Wow, my jokes are going downhill man...

anyway, you'll be fine with the transition to RC, its not bad at all, you might not even notice that much of a difference


----------



## mrpez (Jan 29, 2010)

ebs675 said:


> Will I still be able to carve on the SL-R


i dont know, can you still walk in running shoes?


----------



## zk0ot (Nov 9, 2009)

id start out with taking your bindings off your old setup and putting it on the new one.... done all the steps into one step and all your questions answered. go RIDE IT!


----------



## squishydonut (Nov 13, 2007)

easier to go from camber to rocker. it's cake.


----------



## Snowfox (Dec 26, 2009)

Regarding the ice question, while Vario Grip isn't supposed to be as catchy as Magnatraction, it's still supposed to help with ice, so you should be fine.


----------



## DBLdangerTILT (Oct 26, 2009)

1.) Difficulty varies per rider. For me there was a bit of a learning curve after making the switch. I would wash out a lot on landing spin tricks if I didn't land centered. Getting used to initiating the turns from between the inserts took some time too. Regardless, it was all worth it. 

2.) The board will handle it just as fine as your old board. Vario is highly overrated though. It is not as magical as people claim. 

3.) Yes. Probably better than your old stick.
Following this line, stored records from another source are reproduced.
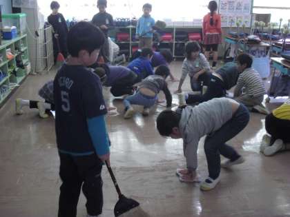 1/10 床を磨きながら心を磨く自問清掃 公開日 2013/01/10 更新日 2013/01/10 校長室より 3学期も、もちろん自問清掃です。各学年の発達段階に合わせての取り組みですが、おしゃべりをしないで掃除をしている姿は、とても美しく心の成長を感じます。がまんの心、見つける心、親切な心を磨いています。自分たちが使用したところは自分たちでしっかりと掃除をします。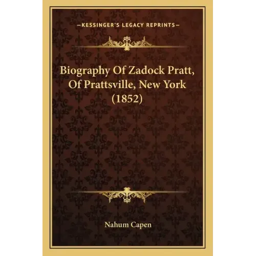 Biography Of Zadock Pratt, Of Prattsville, New York (1852) - Paperback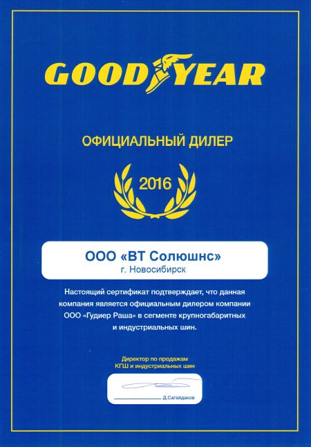 Уважаемые партнёры! Рады сообщить, что наша компания получила статус официального дилера компании GoodYear — одного из крупнейших производителей шин.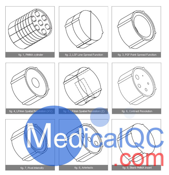 SedentexCT IQ牙科CBCT模體,SedentexCT IQ牙科模體由一個(gè) PMMA 圓柱體(直徑 160 mm)組成,該圓柱體帶有用于容納測試插件的凹槽(圖 1)。在氣缸體內(nèi)具有以下測試的功能: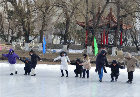 20日上午,广阔的冰面在阳光的照耀下,映衬出一番热闹的景象。参加趣味运动会的选手们身着厚实的保暖服装,戴着手套,兴高采烈地聚集在一起。工会文体委员宣读比赛规则后,各项比赛项目有序展开。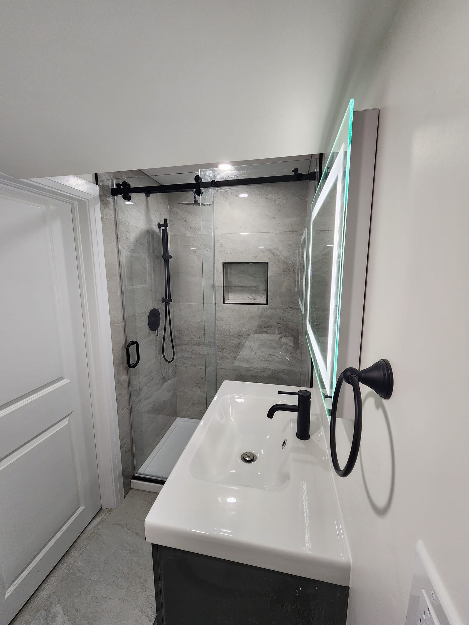 A washroom renovation involves updating and upgrading your existing bathroom to improve its functionality, aesthetic appeal, and overall value. This can include installing new fixtures, updating plumbing and electrical systems, reconfiguring the layout, and upgrading the flooring, walls, and cabinetry.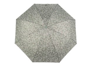 Velký dámský deštník s potiskem malých květů je vystřelovací, konstrukci má z kovového drátu a pružných lamel, které tvoří osm polí.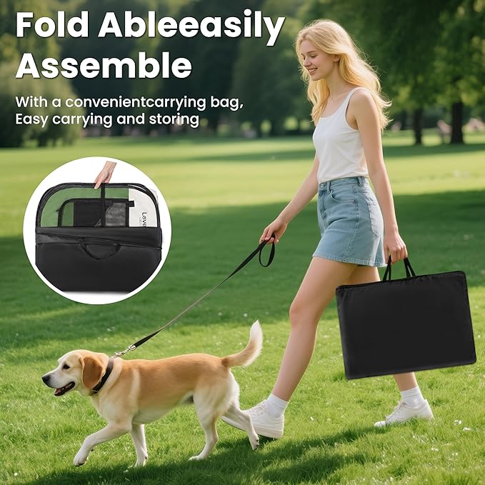 - No Assembly Required and Easy to Store: The Portable Pet Play Pen comes along with a convenient carrying case that can easily store your playpen. It takes seconds to open the dog playpen from folded storage bag, no assembly required. And it's also easy to fold back flat when not in use. Our lightweight portable pet playpen can be used indoors, outdoors, traveling, camping, etc.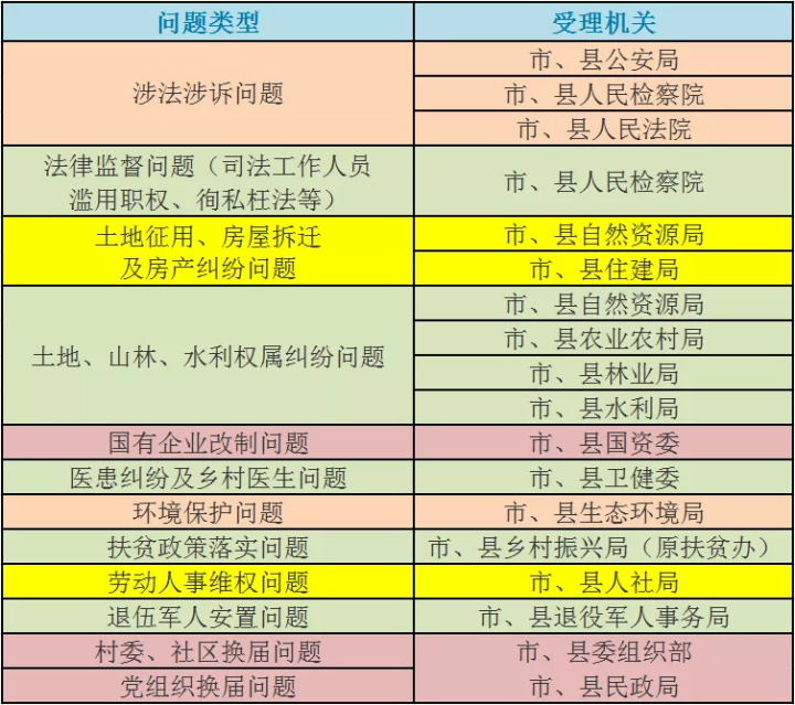 備注:以上各條未列入的問(wèn)題,均按來(lái)信來(lái)訪人員反映問(wèn)題的性質(zhì)和所屬系統(tǒng)分別由有關(guān)主管部門(mén)歸口處理。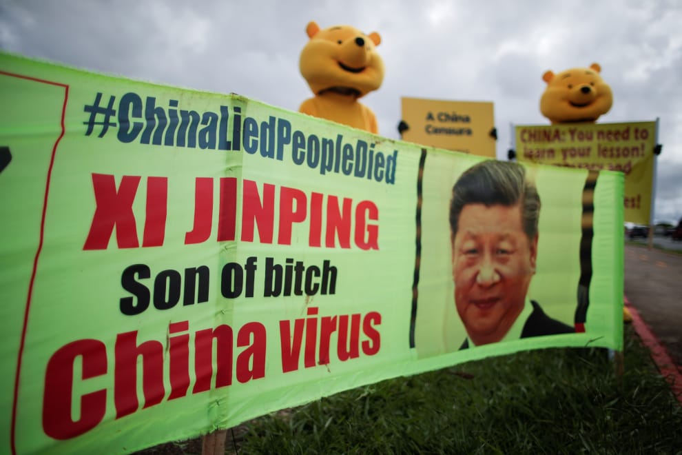 在首都巴西利亞的大街上,抗議民眾打扮成小熊維尼的樣子,拉起寫有中國領導人習近平和中國病毒字樣的布條,譴責中國隱瞞COVID-19(武漢肺炎)疫情,導致全球受災。

4.) Having your face hurt from all the smiles. 

I'd get the evo instead of the slr if you want a stiffer freestyle deck. The twin shape of the evo would better suit park / freestyle. Get the SLR if you're going to "carve" and "charge" in the _midwest_ like you claim. What ever you do... size down some. A lot of people on here recommend boards too big.


----------



## sepdxsnwbrdr (Feb 5, 2010)

I've got a d.i.r.t. rocker and the only negative I've found is that you can't use your camber(obviously) to pump out more speed during turns.

Other than that...I can honestly say flat camber w/rocker is superior in almost every way. I have more confidence riding freestyle now, at 29 years old, than I did 5 years ago. I've been oozing steez and plan on focusing on park throughout the spring/summer, after spending the last few years riding trees/backcountry/steep&deep.

And magne is legit FWIW.


----------



## arsenic0 (Nov 11, 2008)

mrpez said:


> i dont know, can you still walk in running shoes?


Possibly the best response for the month of March thus far!


----------



## Veccster (Dec 31, 2007)

Similar situation here and I'm also in the Mid-West (Seven Springs in SW PA). I rode camber for about 15 years and switched to rocker/camber recently (2010 NS EVO-R). I've had 2 trips to the mountain on the new board. 

1st time was in normal groomed conditions. Not too icy and the slopes were FAST. It took me a couple runs to really understand what was going on with the rocker between my feet. Not hard, just different. I spent the entire time carving and charging slopes to get used to the edges and feel of the board. It handled VERY nicely. Though 2cm longer than my old board, it felt shorter. I had very quick turns and it gripped like I have never felt before. It also did well in the chop and moguls. 

It also has a nice flex and is easy to hop, turn and butter. I haven’t had it in the park but I know it will perform nicely there too.

The only concern I have is that it grips too well. Maybe its because the EVO is flexy but when I dig in with a carve, it wants to send me off in the direction I am carving - as in it wants to carve sharper than what I want it to. Maybe thats the magnitraction or flex but it was odd at first. To get over that, you just need to know that it will want to do it. Easy to overcome. But the grip of those edges on ice was awesome. 

On my second trip, I had 2ft of fresh powder. I don't have experience with my old board in those conditions but the Evo handled it just fine. Stayed on top without much leaning back. 

I am glad I bought the EVO over the SL. I was most concerned about it’s ability to charge down a mountain with fast and tight turns. It handles those conditions nicely and put my concern to rest. 

Hope this helps.


----------